Reputation: 11
I have a wide dataset and am trying to figure out how many times the value in column 2019_5
appears for that same member and whether it's continuous or not. The best I've managed to come up with is dataframe['number_yrs'] = 5 - dataframe.isnull().sum(axis=1)
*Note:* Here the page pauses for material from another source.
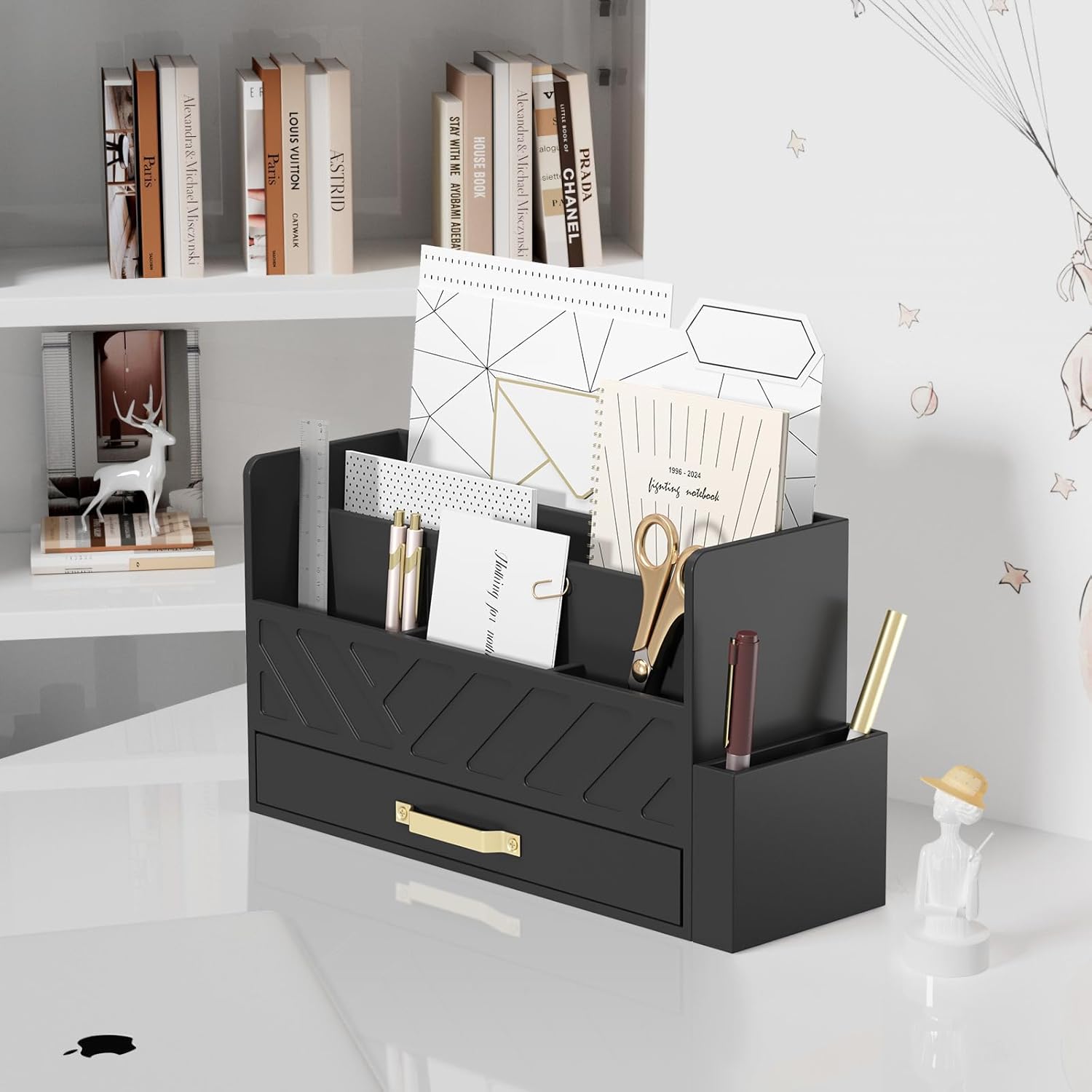 - Stylish office desk organizer: Upgrade your workspace with this stylish desk organizer, enhanced with gold mental drawers perfect for desk organization and file storage, With its sleek design for all your desk accessories, this desktop organizer is not only functional but also adds a touch of sophistication to any home office or work desk.

which gives the following. The problem is that it just looks at whether there is or isn't a NaN, not whether the value is equal to 2019_5
member 2015_5 2016_5 2017_5 2018_5 2019_5 number_yrs
0 aaa NaN NaN NaN NaN 12 1
1 bbb 7.0 7.0 7.0 7.0 7 5
2 ccc 10.0 10.0 NaN NaN 10 3
3 ddd 12.0 NaN NaN 7.0 7 3
4 eee 12.0 NaN 10.0 NaN 10 3
What I want is for it to be 2
for member ddd
and 2
for member eee
I'd also like to add a continuous
column that is y/n and indicates whether number_yrs
is continuous. I expect it would look something like this when all is said and done (correctly)
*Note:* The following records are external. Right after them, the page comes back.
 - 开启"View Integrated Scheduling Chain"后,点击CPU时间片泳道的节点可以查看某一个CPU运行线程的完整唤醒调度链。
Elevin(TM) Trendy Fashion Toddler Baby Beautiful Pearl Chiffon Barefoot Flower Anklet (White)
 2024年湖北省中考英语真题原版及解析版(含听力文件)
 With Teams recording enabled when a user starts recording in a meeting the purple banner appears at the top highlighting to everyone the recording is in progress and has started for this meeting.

member number_yrs continuous
0 aaa 1 n
1 bbb 5 y
2 ccc 3 n
3 ddd 2 y
4 eee 2 n
Upvotes: 1
Views: 377
Reputation: 18306
For the number_yrs
, you can compare the 2019_5
column against the whole dataframe (but transposed to assure alignment since the latter will be a series):
# keep `member` column aside from calculations
>>> df = df.set_index("member")
>>> df.T == df["2019_5"]
member aaa bbb ccc ddd eee
2015_5 False True True False False
2016_5 False True True False False
2017_5 False True False False True
2018_5 False True False True False
2019_5 True True True True True
As you can see, this returns a boolean frame where each entry is marked whether they are equal to 2019_5
's value per row (and last row is full True
s as expected). Now we can sum the True
s per member
to get number_yrs
:
>>> (df.T == df["2019_5"]).sum(axis=0)
member
aaa 1
bbb 5
ccc 3
ddd 2
eee 2
As for the continutiy, we can look at 2018_5
s value and see if it's the same as that of 2019_5
for each row:
>>> df["2018_5"] == df["2019_5"]
member
aaa False
bbb True
ccc False
ddd True
eee False
We're almost there; we can map True
/False
values to "y"
/"n"
with map
:
>>> (df["2018_5"] == df["2019_5"]).map({True: "y", False: "n"})
member
aaa n
bbb y
ccc n
ddd y
eee n
So we have the needed new columns. Putting together and assigning those to the dataframe:
df["number_yrs"] = (df.T == df["2019_5"]).sum(axis=0)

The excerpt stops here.